Top10_Countries = pn.widgets.RadioButtonGroup(
name='Y axis',
options=['coal_co2', 'oil_co2', 'gas_co2'],
button_type='success'
)
continents_excl_world = ['China', 'US', 'Germany', 'Japan', 'India',
'South Korea', 'UK', 'Italy', 'France', 'Indonesia']
co2_source_bar_pipeline = (
interactive_df[
(interactive_df.year == year_slider) &
(interactive_df.Place.isin(continents_excl_world))
]
.groupby(['year', 'Place'])[Top10_Countries].sum()
.to_frame()
.reset_index()
.sort_values(by='year')
.reset_index(drop=True)
)
co2_source_bar_plot = co2_source_bar_pipeline.hvplot(kind='bar',
x='Place',
y=Top10_Countries,
title='CO2 Emissions: Top 10 Manufacturing Countries',
height=400, width=850)
co2_source_bar_plot
#Layout using Template
template = pn.template.FastListTemplate(
title='World CO2 emission dashboard',
sidebar=[pn.pane.Markdown("## Climate Change and CO2 Emissions"),
pn.pane.Markdown("Many believe that carbon dioxide emissions are the primary cause of global climate change. The recommendation to curb this is for the world to strategically reduce emissions. How this goal can be achieved is a subject of discussions in different countries and among different experts."),
pn.pane.PNG('climate_day.png', sizing_mode='scale_both'),
pn.pane.Markdown("## Settings"),
year_slider],
main=[pn.Row(pn.Column(co2_values,
co2_plot.panel(width=700), margin=(0,25)),
co2_table.panel(width=500)),
pn.Row(pn.Column(Top10_Countries, co2_source_bar_plot.panel(width=800)))],
accent_base_color="#88d8b0",
header_background="#88d8b0",
)
template.show()
template.servable();
Launching server at http://localhost:59873
Overall, by running the above codes, we can easily obtain an interactive dashboard with panel in addition to only utilizing numpy and pandas libraries. Commenting out the code line template.show()
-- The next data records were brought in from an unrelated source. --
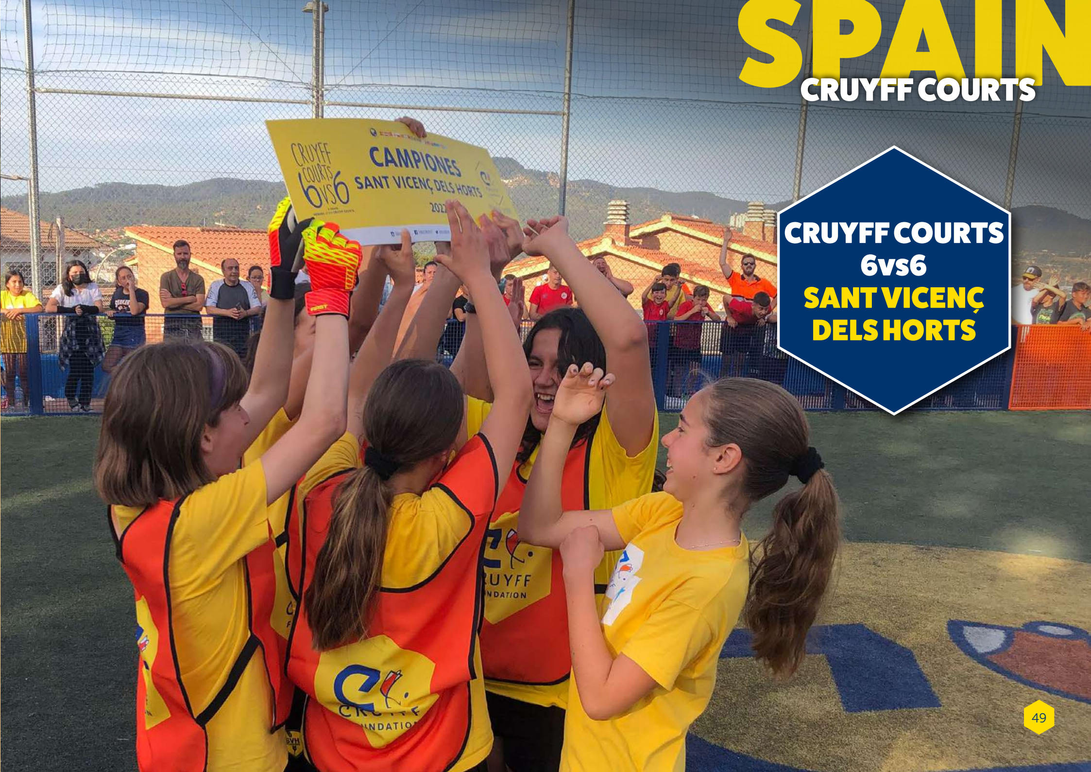
CRUYFF COURTS 6vs6 SANT VICENÇ DELS HORTS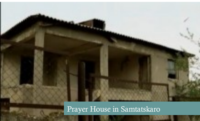
Prayer House in Samtatskaro

Resident of Samtatskaro (no title): “How can we allow them to build a Mosque on this Christian land? We have very good and friendly relations, but we will not allow them to build a Mosque here.”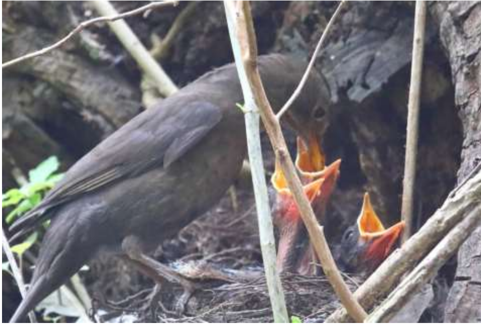
Female Eurasian Blackbird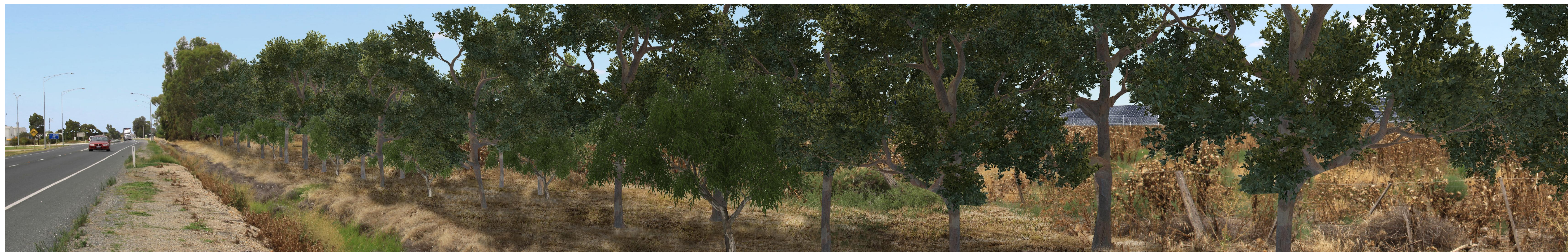
VIEWPOINT 3A - PHOTO MONTAGE: ONCE LANDSCAPE SCREENING HAS MATURED (SOLAR PANELS SHOWN AT MAXIMUM HEIGHT)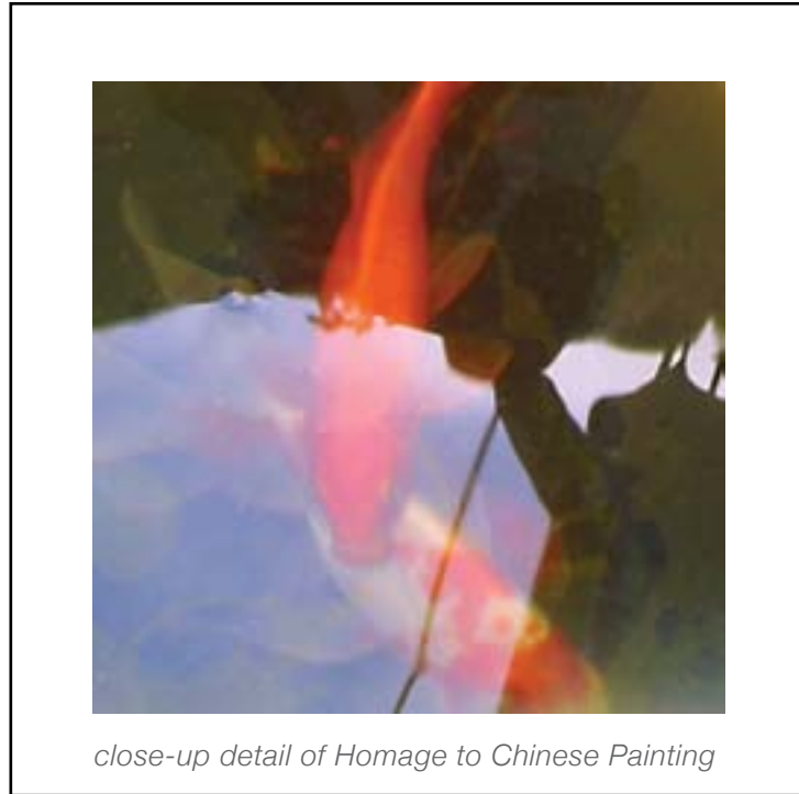
HOMAGE TO CHINESE PAINTING ▶ image size 34" x 26"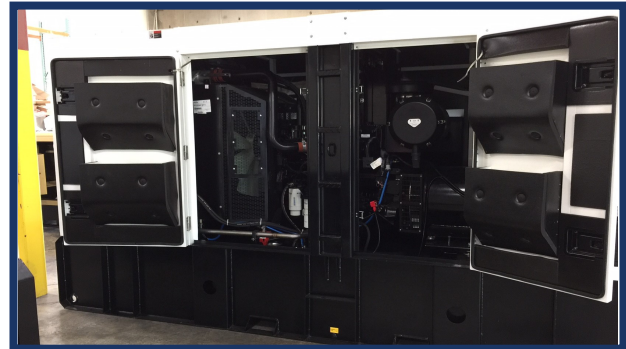
EASY ACCESS FOR MAINTENANCE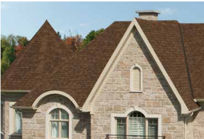
Colour featured: Dual Brown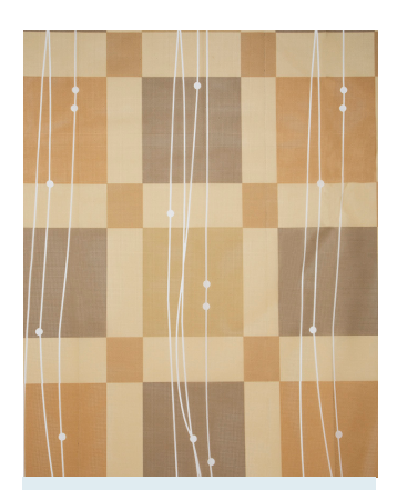
Fall Curtain ICP-6100Fall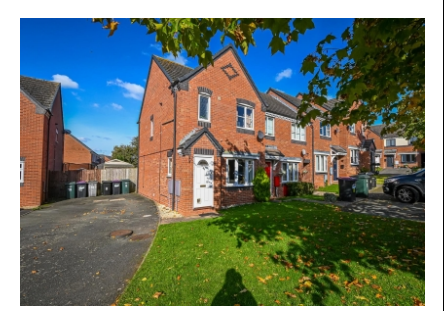
8 Ridley Close, Bridgnorth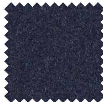
FACET 1007 NAVY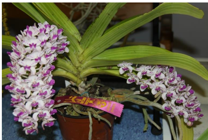
Rhy. gigantea – B & N Lakey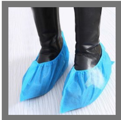
Non Woven Shoe Cover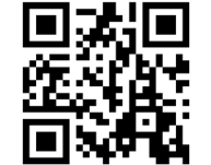
ExtremeCloud IQ Companion iOS Mobile Application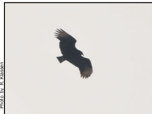
Black Vulture in the Pembina Valley

position of its wings during soaring flight.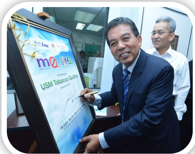
Dato' Seri Dr. Hilmi bin Haji Yahaya, Deputy Health Minister, launched the MQuit-USM Tobacco Quitline on August 29, 2016 at USM, Penang, Malaysia.

wish to quit following the implementation of national tobacco control policies such as increasing tax and price of cigarettes, pictorial health warnings on cigarette packages, anti-smoking educational Tak Nak (Say No) media campaigns, and smoke-free workplaces and public places. USM media coverage (in Malay—with English subtitles available) of the Quitline launch can be viewed here: https://youtu.be/HxrhVqlgtv0 .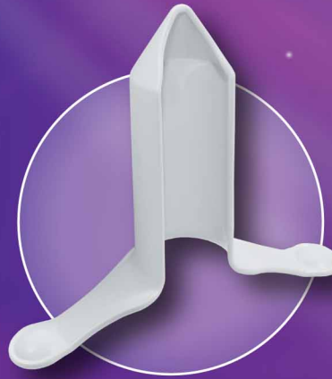
Purse-String Suture Anoscope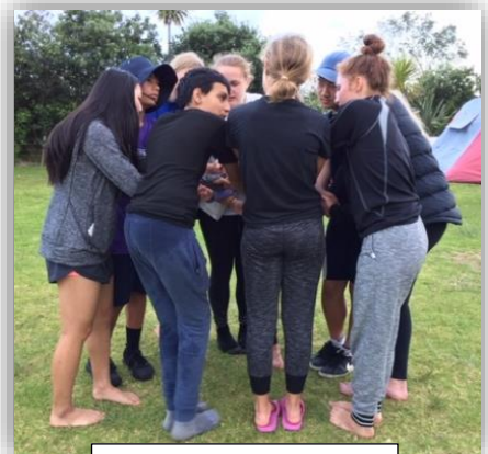
"The Human Knot"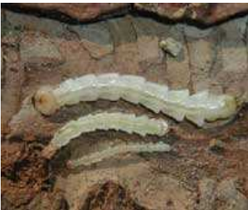
Above: Emerald Ash Borer Larvae

The state may pay for removal of infected ash trees if they qualify. For more information: http://www.agr.state.il.us/newsrels/r0308071.html . The Care of Trees on Ridgefield Road is a IDA certified marshalling yard.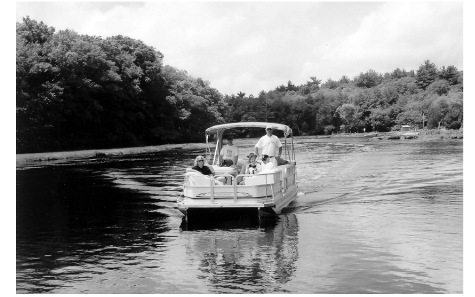
Take a tour with us on the North River this summer! See page 11.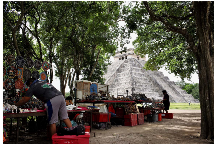
Figure 5. Illegal vendors inside the archaeological site of Chichen Itza, Mexico [47].

legal action (having all the laws in favor) but does not want to make a bigger community problem. Besides that, every year there are more illegal vendors inside, a good percentage of the vendors are not even from the local community, and very few sell local artesanias (handicrafts). Thus, the main problem prevails—is the local community benefiting from heritage tourism? Somebody does. In spite of the COVID-19 pandemic, top archaeological sites and museums continue to be on top (see Tables 2 and 3), although we can see some changes—for example, in the last two years Chichen got more visitors than Teotihuacan because of the pandemic was more severe in central Mexico and the peninsula of Yucatan never closed its borders to tourists.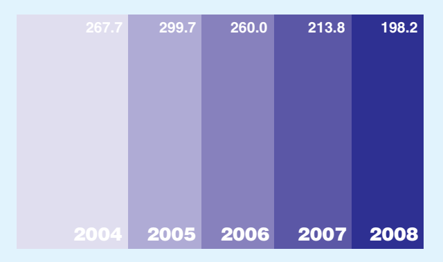
Revenue (RM Million)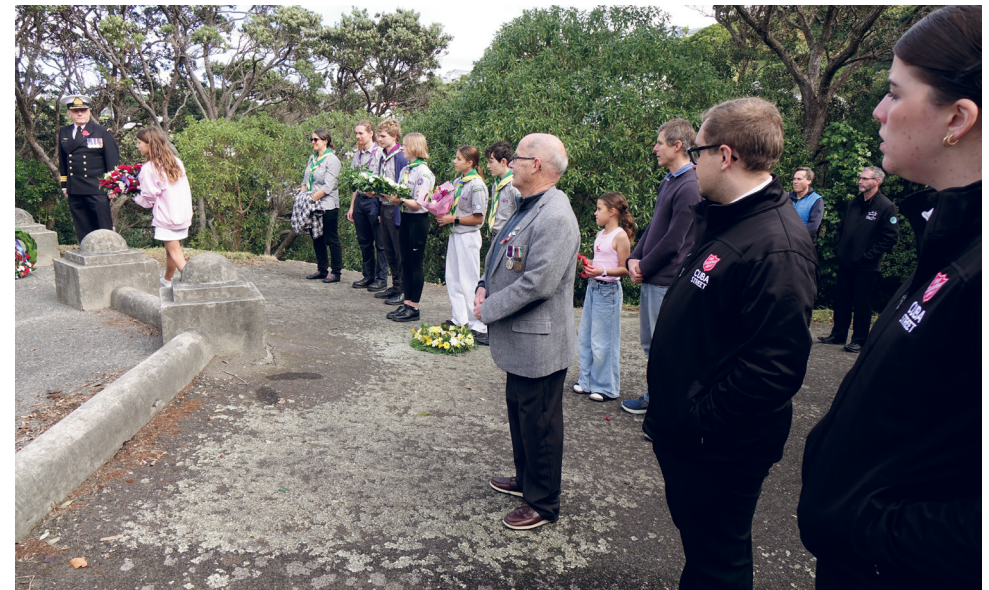
At Brooklyn War Memorial, Sugarloaf Hill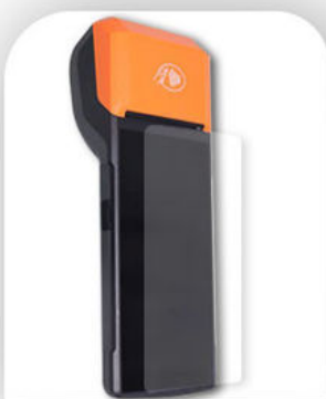
Gift-High Quality Screen Protectors Dust-proof and explosion-proof

Optional Customized Silicone Protective Case & Strap Better Price if Purchase together with H10 pos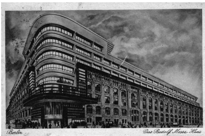
Figure 3 Erich Mendelsohn, Richard Neutra, and Paul Rudolf Henning, Mossehaus, Berlin, 1923 (postcard, http://www.postalesinventadas.com/2010/11/berlin-das-rudolph-mosse-haus-querido.html ).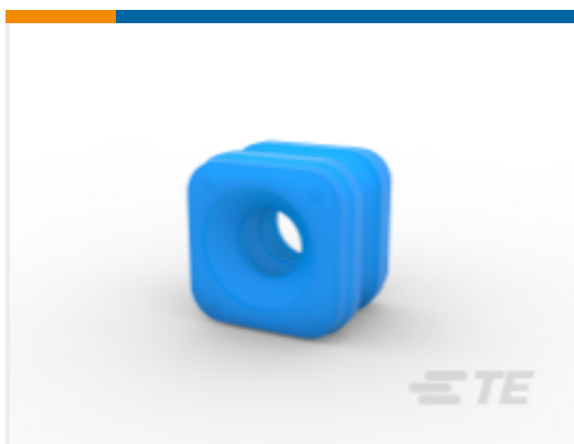
TE Part #2325349-1 Power Versa-Lock REAR SEAL, 1X1, LargeID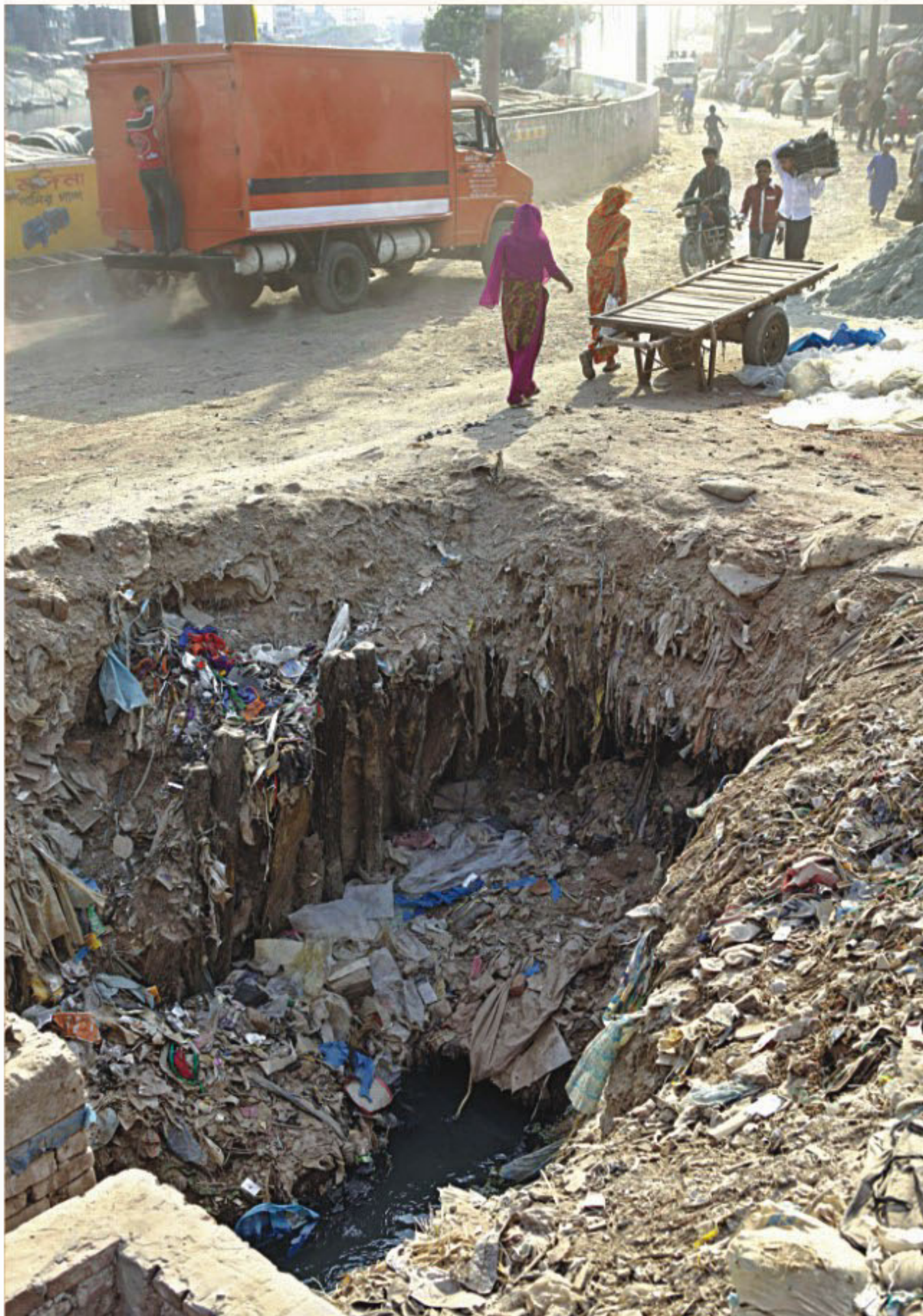
This gaping hole on Beribadh Road, which is in a sorry state from Abu Bazar to Aminbazar, at Islambagh in the city poses a hindrance to commuters and a threat to vehicles. The photo was taken yesterday.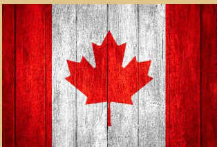
Pray for Canada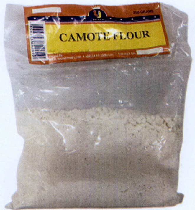
Figure 3. Unregistered TJ BRAND Camote Flour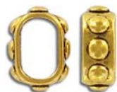
MB10X788/OXGL 15x6mm ID 10x 7mm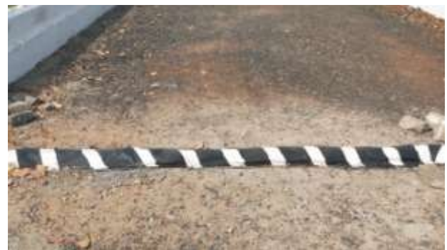
Fig: Non – Newtonian fluid speed breaker

The non-Newtonian fluid acts as controlling the resistance by the strip to its deformation. It depends on the speed of the wheels of the vehicle on it. Thus, if the vehicle travels at a low speed (within speed limit) the fluid has a low viscosity and the strip is easily deformed, whereas if the speed of the vehicle is high (Beyond the speed limit) the viscosity of the fluid is high and as a result has great resistance to deformation, thus forming a rigid obstacle to the passage of the vehicle. Thus the speed of the vehicle is controlled due to the combined effect of non-Newtonian fluids.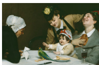
Bath City Bistro 75 Macomb Pl. The Merrymakers Carlus-Duran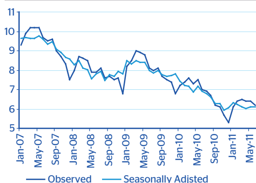
Chart 1 Unemployment rate (%)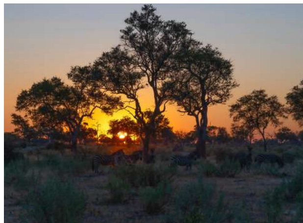
Third Place - Colors of the Botswana Sunset Karen Schofield

does not automatically launch the dashboard. Note that we can simply run in the terminal(for Mac) the text command, <panel serve Notebook_name.ipynb
to play around with our interactive dashboard.
Since we have our dashboard up and running, the next question is: how can this be consumed or how can the app be deployed? There are several ways for deployment. Panel apps are supported by Jupyter, Bokeh, and Voilà servers. So you can configure your application to run on any of these given servers. A good place to look at when it comes to Panel App deployment is in Panel User Guide, 'Depoy and export'
There are other Python-server deployment procedures on different platforms like AWS, Google Cloud, Heroku, and Anaconda Enterprise. In many cases, Panel objects can also be exported to static, standalone HTML. But the goal of this project is to show that we can use Panel to create an Interactive dashboard using Python librararies. Really cool!